1

I'm storing database dumps into a MySQL table, so, I intend to store a maximum of 10 different dumps. The 11th different dump and on should have data set to NULL, to save space but keep some info available.

Same dumps have the same drive_md5.

 CREATE TABLE `dumps` (
`id` int(11) NOT NULL AUTO_INCREMENT,
`db_id` int(11) NOT NULL,
`drive_id` char(28) DEFAULT NULL,
`drive_md5` char(32) DEFAULT NULL,
`created_at` timestamp NOT NULL DEFAULT CURRENT_TIMESTAMP,
`data` longblob,
`filesize` mediumint(8) unsigned DEFAULT NULL,
 PRIMARY KEY (`id`),
 KEY `drive_md5` (`drive_md5`),
 KEY `db_id` (`db_id`)
) ENGINE=MyISAM AUTO_INCREMENT=43 DEFAULT CHARSET=utf8

If you need more info, please leave a comment so I can edit the question.

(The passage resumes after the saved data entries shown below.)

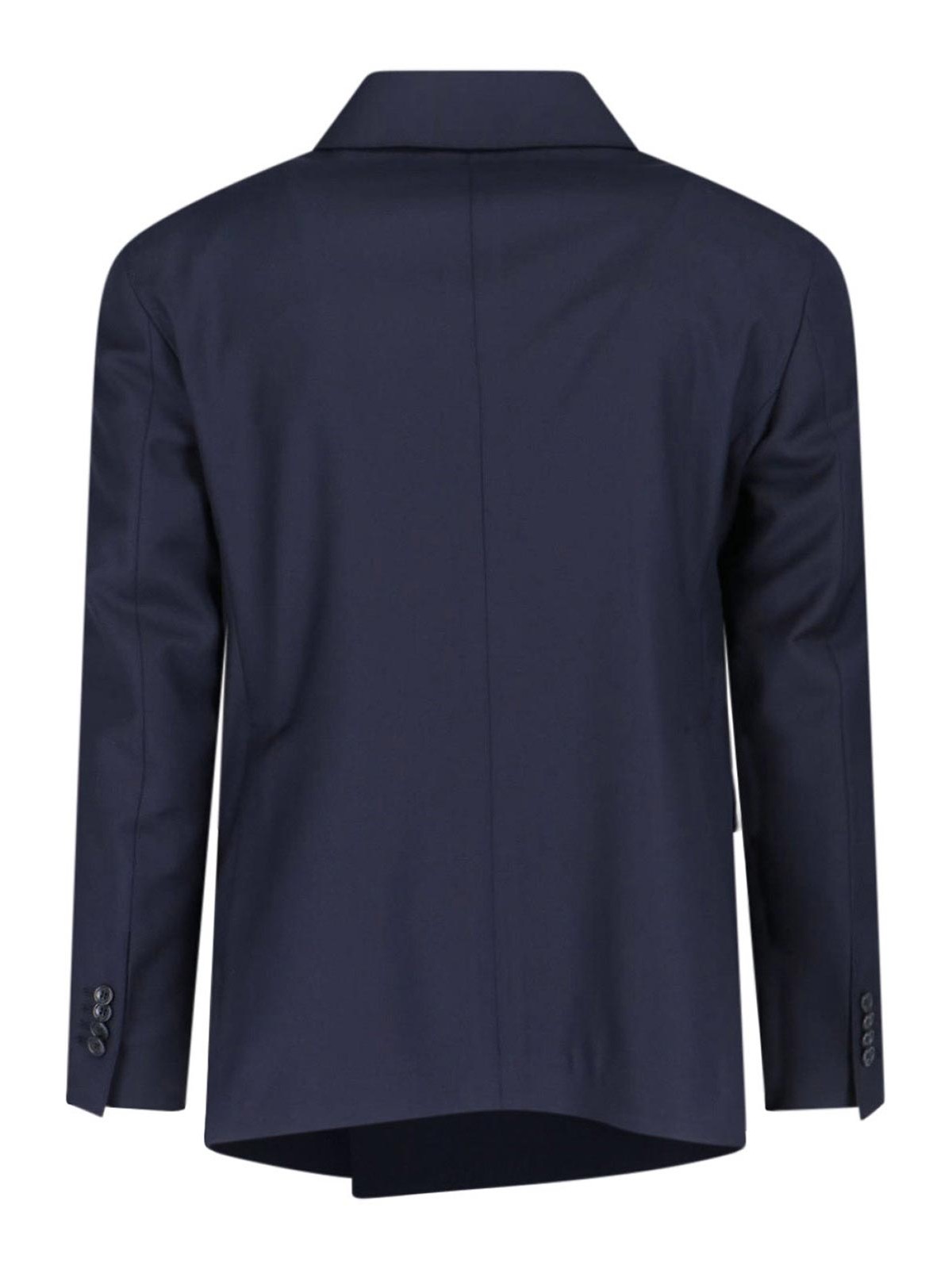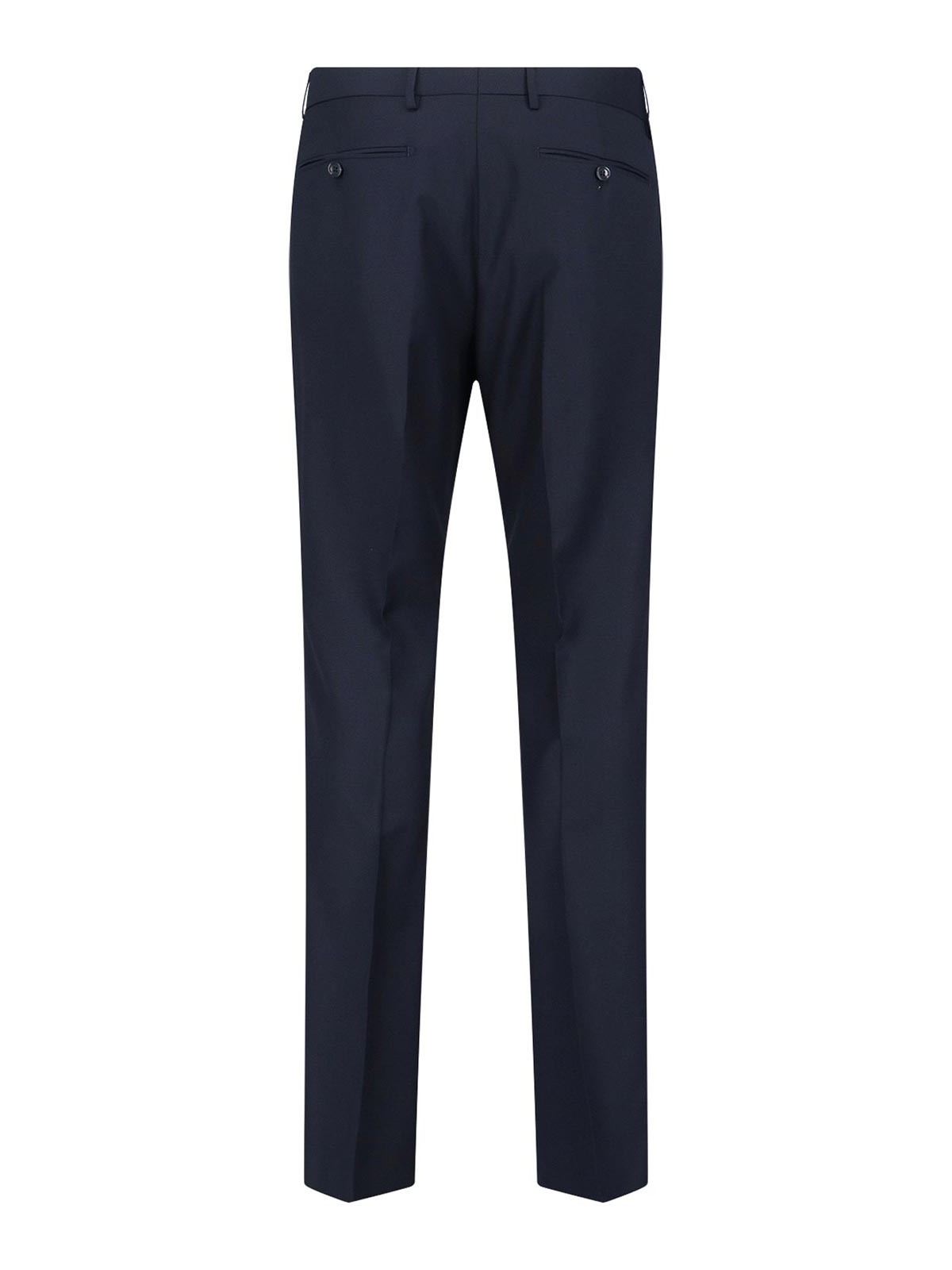 Monte Carlo cutter suit, made exclusively for Sugar, in blue virgin wool, v-neck, peak lapels, double-breasted button closure on the front, two front flap pockets, straight hem, tailored trousers, zip and hook closure, two back welt pockets, straight leg.
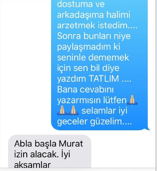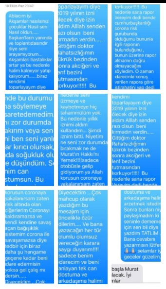 Üstlerine mesajlar atan ve adeta yalvarırcasına ve nazik bir dile “İzninin bittiğini. Ama elinde raporu bulunduğunu. Otobüsle gidip geldiğini ve korona yakalanması durumunda da, ciğerlerinin bunu kaldırmayacağını, doktorunun söylediğini ve yardımcı olunmasını” iletmesine rağmen, karşıdan gelen cevap : ‘Abla başla. Murat izin alacak. İyi akşamlar’ oldu…
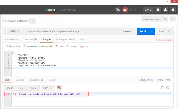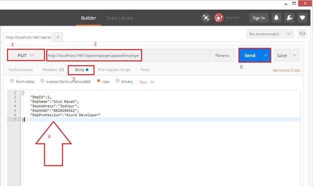 Similarly to previous articles, I’m using here Postman for the PUT request. Open Postman and call the PUT method. Enter your Web API URL and make sure your Visual Studio project is in running mode. For this request, I need to call updateEmploye method in the URL. Under the body, you have to write the JSON script of your data which you want to update. Finally, click the send button to make a request.
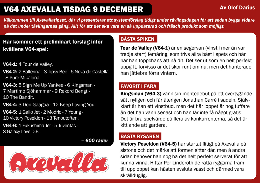 Välkommen till Axevallatipset, där vi presenterar ett systemförslag tidigt under tävlingsdagen för att sedan bygga vidare på det under tävlingarnas gång. Allt för att det ska vara en så uppdaterad och fräsch produkt som möjligt.

Thanks

Edit: I'm accepting a clearer title's suggestion.

enapupe
  • 15,691
  • 3
  • 29
  • 45

2 Answers2

1

To clear the data from all excepts the 10 last record

UPDATE  dumps
SET     data = null 
WHERE   id NOT IN (SELECT TOP 10 Id from dumps ORDER BY Id DESC )

This does not work when you are looking for the last 10 per column. In this case md5. You can achieve this using the row count function. In order to do this you need a query that counts the rows per MD5. Example below.

SELECT 
id         AS Id_Of_Records_To_Clean,
drive_md5  AS drive_md5_for_Reference
FROM
(
/*Sub query numbering the entries in the dumps table, from 1 to n per drive_m5*/
SELECT TOP 100 PERCENT
ROW_NUMBER() OVER(PARTITION BY drive_md5  ORDER BY drive_md5 , id DESC) AS RowNum,
drive_md5 , Id
ORDER BY drive_md5 , id DESC
) AS RecordsToClearOrDelete
WHERE
RowNum > 10

The query above will retun the record ID's (PRIMARY KEY) of the records to clean. You can then use a query to UPDATE 'data' where ID in (....Query above...)

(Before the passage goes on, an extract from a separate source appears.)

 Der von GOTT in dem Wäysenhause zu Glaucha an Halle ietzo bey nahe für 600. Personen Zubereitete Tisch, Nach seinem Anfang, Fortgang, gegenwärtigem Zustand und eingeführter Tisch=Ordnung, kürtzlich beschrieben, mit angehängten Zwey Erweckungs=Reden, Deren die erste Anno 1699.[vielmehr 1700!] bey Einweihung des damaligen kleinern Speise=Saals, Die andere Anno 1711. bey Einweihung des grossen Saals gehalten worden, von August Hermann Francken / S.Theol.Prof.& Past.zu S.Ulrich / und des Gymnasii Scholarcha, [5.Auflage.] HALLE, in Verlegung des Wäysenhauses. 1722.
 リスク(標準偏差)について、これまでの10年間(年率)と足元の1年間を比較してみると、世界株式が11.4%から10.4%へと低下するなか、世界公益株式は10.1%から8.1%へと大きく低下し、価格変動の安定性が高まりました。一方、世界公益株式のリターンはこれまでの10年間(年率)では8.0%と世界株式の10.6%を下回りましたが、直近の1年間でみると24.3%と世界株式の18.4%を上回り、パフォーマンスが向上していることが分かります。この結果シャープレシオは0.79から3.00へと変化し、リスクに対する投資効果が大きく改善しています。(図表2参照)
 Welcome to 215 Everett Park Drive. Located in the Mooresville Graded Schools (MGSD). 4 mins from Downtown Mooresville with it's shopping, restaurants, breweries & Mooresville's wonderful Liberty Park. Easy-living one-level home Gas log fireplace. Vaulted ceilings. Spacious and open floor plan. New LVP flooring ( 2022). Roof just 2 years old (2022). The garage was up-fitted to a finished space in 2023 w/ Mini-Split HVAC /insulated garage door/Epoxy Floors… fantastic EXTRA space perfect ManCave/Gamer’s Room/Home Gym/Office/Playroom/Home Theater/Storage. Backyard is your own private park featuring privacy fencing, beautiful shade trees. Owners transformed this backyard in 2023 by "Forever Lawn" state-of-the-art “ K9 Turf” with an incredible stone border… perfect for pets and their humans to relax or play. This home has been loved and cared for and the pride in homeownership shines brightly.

See - ROW OVER with PARTITION for MySQL

Hope I have understood , and hope this help.

Community
  • 1
  • 1
Richard Vivian
  • 1,700
  • 1
  • 14
  • 19
  • What about group by and offset? group by db_id, drive_md5 limit 10,x? I still haven't figured a way – enapupe May 11 '14 at 20:24
  • If you need the last X items by db_id and drive_md5, then the row over needs to partition by db_id , drive_md5. This makes the row number in the inner query reset each break in db_id , drive_md5. That should work if I understand. Not sure about offset? – Richard Vivian May 11 '14 at 20:28
  • I think it helps but I couldn't understand the whole thing.. I have these database ROWS refereeing database dumps. I want to keep 10 dumps that have DATA for each DATABASE. That is it. A db may have only a sequence of 10 dumps with data. Or a interval with N rows without data, but the sum of rows with data per database must be 10. – enapupe May 11 '14 at 21:04
  • As a test select query, use the query posted above, but use RowNum < 10. This will show you the records that you should keep per database. Essentially the ROW_NUMBER() function will allow you to create an ordered number . The Partition allows you to reset the ROW_NUMBER() to 1 for each change in partition. The order by allows you to number Increasing or decreasing. All together you can then get the Last 10 or first 10 records for each DB, each Drive, or any combination of columns based on the partition. – Richard Vivian May 11 '14 at 21:15
  • Is select top 100 percent a MySQL thing? I'm having sql error: http://paste.debian.net/98921/ – enapupe May 11 '14 at 21:23
  • I'm considering running two loops: `select id from dumps where data is not null and db_id = X limit 10,100` to fetch the IDS and another query to update data set data = null. – enapupe May 11 '14 at 21:44
  • The top 100 percent is needed when you have an order by in the inner query. You may be able to leave the TOP 100 PERCENT out, but then you will have to remove the ORDER BY. The ROW_NUMBER's ORDER BY should be adequate. – Richard Vivian May 12 '14 at 05:12
  • I couldn't do it. I'm voting up and choosing as correct answer anyhow, thanks for your attention. – enapupe May 12 '14 at 14:12
  • Thanks for the up-mark. If you post some sample data with expected results I can try to improve the query. – Richard Vivian May 12 '14 at 14:16
  • let us [continue this discussion in chat](http://chat.stackoverflow.com/rooms/52528/discussion-between-richard-vivian-and-enapupe) – Richard Vivian May 12 '14 at 14:17
0

As pointed in the commentaries, the best way to accomplish this was before insert, not after. So, I'm running a md5 algorithm in the data and checking against database where md5 = md5, data is NOT null and db = db. So, if there is a record WITH data and the same db/md5, there is no need to feed the data column.

Now, I just need a cleanup query, where it should empty DATA after the 10th row where data is not null.

enapupe
  • 15,691
  • 3
  • 29
  • 45